▸ Directions
Each line below from the line with "5.gitee webhook配置" to the line with "1. Методом сплавления" must be copied exactly, including those two, and no picture may appear in the copy.

▸ Data
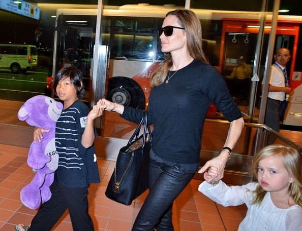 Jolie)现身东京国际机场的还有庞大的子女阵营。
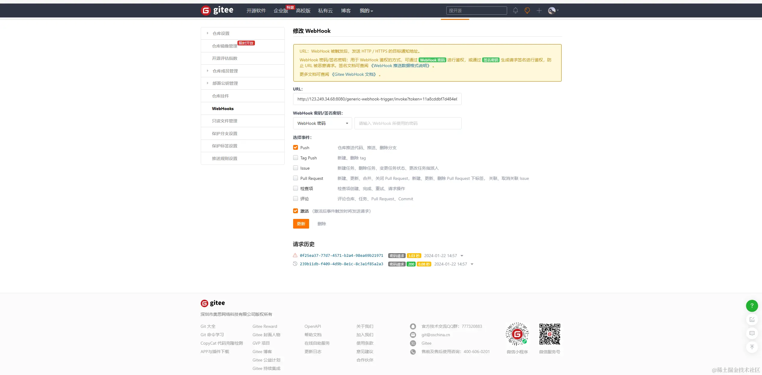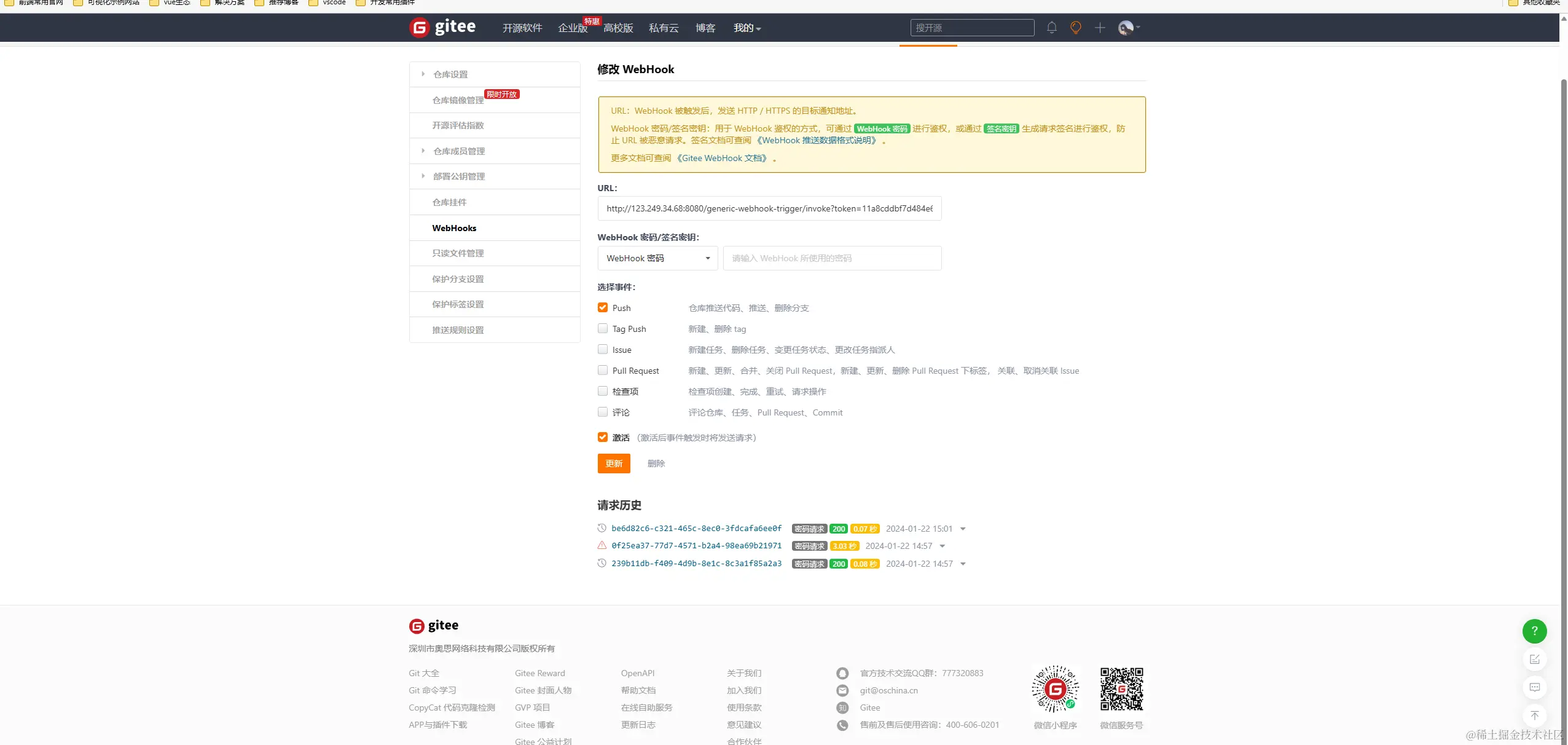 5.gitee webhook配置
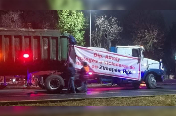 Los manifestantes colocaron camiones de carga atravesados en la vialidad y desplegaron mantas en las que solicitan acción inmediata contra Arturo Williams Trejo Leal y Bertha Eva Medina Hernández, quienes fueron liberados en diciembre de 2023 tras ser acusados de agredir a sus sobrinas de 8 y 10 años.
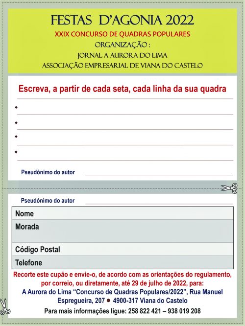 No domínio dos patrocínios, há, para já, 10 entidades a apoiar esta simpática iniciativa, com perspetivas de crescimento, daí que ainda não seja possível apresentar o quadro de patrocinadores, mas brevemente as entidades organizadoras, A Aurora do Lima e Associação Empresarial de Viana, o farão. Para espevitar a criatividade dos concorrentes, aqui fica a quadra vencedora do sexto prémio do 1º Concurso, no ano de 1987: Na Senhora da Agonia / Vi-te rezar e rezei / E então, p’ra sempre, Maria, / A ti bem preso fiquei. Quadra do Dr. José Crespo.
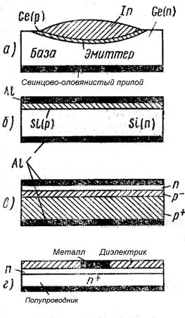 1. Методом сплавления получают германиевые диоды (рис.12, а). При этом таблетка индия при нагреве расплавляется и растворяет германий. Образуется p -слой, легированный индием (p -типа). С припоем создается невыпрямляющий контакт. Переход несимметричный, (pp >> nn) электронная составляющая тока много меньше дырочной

---

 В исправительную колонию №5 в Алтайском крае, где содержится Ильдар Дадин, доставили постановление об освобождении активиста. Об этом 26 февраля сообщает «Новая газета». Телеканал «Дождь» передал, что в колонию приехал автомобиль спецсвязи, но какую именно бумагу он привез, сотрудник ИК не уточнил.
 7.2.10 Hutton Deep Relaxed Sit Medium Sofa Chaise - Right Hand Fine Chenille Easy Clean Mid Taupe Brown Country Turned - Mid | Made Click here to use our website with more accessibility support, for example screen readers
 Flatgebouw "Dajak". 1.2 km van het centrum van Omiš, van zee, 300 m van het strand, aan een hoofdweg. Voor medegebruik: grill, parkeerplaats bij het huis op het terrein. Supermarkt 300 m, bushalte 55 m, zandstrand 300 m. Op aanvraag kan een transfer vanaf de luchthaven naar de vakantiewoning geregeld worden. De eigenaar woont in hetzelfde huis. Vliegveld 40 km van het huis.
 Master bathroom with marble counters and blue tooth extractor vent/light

▸ Exercise response
 5.gitee webhook配置
 Los manifestantes colocaron camiones de carga atravesados en la vialidad y desplegaron mantas en las que solicitan acción inmediata contra Arturo Williams Trejo Leal y Bertha Eva Medina Hernández, quienes fueron liberados en diciembre de 2023 tras ser acusados de agredir a sus sobrinas de 8 y 10 años.
 No domínio dos patrocínios, há, para já, 10 entidades a apoiar esta simpática iniciativa, com perspetivas de crescimento, daí que ainda não seja possível apresentar o quadro de patrocinadores, mas brevemente as entidades organizadoras, A Aurora do Lima e Associação Empresarial de Viana, o farão. Para espevitar a criatividade dos concorrentes, aqui fica a quadra vencedora do sexto prémio do 1º Concurso, no ano de 1987: Na Senhora da Agonia / Vi-te rezar e rezei / E então, p’ra sempre, Maria, / A ti bem preso fiquei. Quadra do Dr. José Crespo.
 1. Методом сплавления получают германиевые диоды (рис.12, а). При этом таблетка индия при нагреве расплавляется и растворяет германий. Образуется p -слой, легированный индием (p -типа). С припоем создается невыпрямляющий контакт. Переход несимметричный, (pp >> nn) электронная составляющая тока много меньше дырочной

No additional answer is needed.